Esquipulas II
- Type: Peace treaty
- Context: Cold War
- Signed: 31 August 1987; 38 years ago
- Location: Guatemala City, Guatemala
- Signatories: Vinicio Cerezo (President of Guatemala); José Napoleón Duarte (President of El Salvador); Daniel Ortega (President of Nicaragua); José Azcona del Hoyo (President of Honduras); Óscar Arias Sánchez (President of Costa Rica);
- Parties: Costa Rica; El Salvador; Guatemala; Honduras; Nicaragua;
- Languages: Spanish

= Esquipulas Peace Agreement =

1987 Central American peace accords

The Esquipulas Nicaraguan Peace Agreement, also known as the Central American Peace Accords, was a peace initiative in the mid-1980s to settle the various military conflicts that had plagued Central America for many years, and in some cases (notably Guatemala) for decades. It built upon groundwork laid by the Contadora Group from 1983 to 1985. The agreement was named for Esquipulas, Guatemala, where the initial meetings took place. The US Congress lobbying efforts were helped by one of Capitol Hill's top lobbyists, William C. Chasey.

In May 1986, a summit meeting at dawn, "Esquipulas I," took place, attended by the five Central American presidents. On February 15, 1987, Costa Rican President Óscar Arias submitted a Peace Plan which evolved from this meeting. During 1986 and 1987, the "Esquipulas Process" was established, in which the Central American heads of state agreed on economic cooperation and a framework for peaceful conflict resolution. The "Esquipulas II Accord" emerged from this and was signed in Guatemala City by President Vinicio Cerezo of Guatemala, President José Napoleón Duarte of El Salvador, President Daniel Ortega of Nicaragua, President José Azcona del Hoyo of Honduras and President Óscar Arias Sánchez of Costa Rica on August 7, 1987.

Esquipulas II defined a number of measures to promote national reconciliation, an end to hostilities, democratization, free elections, the termination of all assistance to irregular forces, negotiations on arms controls, and assistance to refugees. It also laid the ground for international verification procedures and provided a timetable for implementation.
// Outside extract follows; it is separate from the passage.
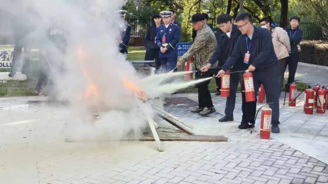在室外演练场,消防员现场讲解并演示干粉灭火器的正确使用方法与步骤。师生员工们在消防员的指导下,分批进行灭火实操。

==Involvement of Nicaragua==
The US government refused to recognize the Sandinista regime's legitimacy to represent Nicaragua in The Esquipulas Process, on the basis that the Sandinistas had taken power in a 1979 coup d'etat against the dictator Anastasio Somoza Debayle, establishing the Junta of National Reconstruction. Although in 1984 the Sandinistas held an election, in which they won the majority of the votes, the main opposition parties boycotted this election under US pressure, and the US was able to claim that the victory was illegitimate. However the June 1986 outcome of the International Court of Justice case Nicaragua v. United States created a "major shift in the regional context" which ultimately persuaded the other Central American leaders to accept Nicaragua as an equal partner. "Suddenly, Nicaragua, which had been treated like an outcast on more than one occasion, was walking the legal, if not moral, high-ground..." The November 1986 disclosure of the Iran–Contra affair further weakened the US influence on the process.

==After Esquipulas==
In subsequent years, Esquipulas laid the groundwork for the Oslo Accord (not to be confused with the 1993 Oslo Accords between the Israeli government and the PLO). This was a preliminary agreement between the Guatemalan National Reconciliation Commission (CNR) and the Guatemalan National Revolutionary Unity (URNG) which brought to an end more than three decades of strife in Guatemala.

It also inspired the signing of a general peace agreement in El Salvador, the Chapultepec Peace Accords and others.

Arias' efforts on behalf of the Esquipulas Peace Agreement earned him the 1987 Nobel Peace Prize.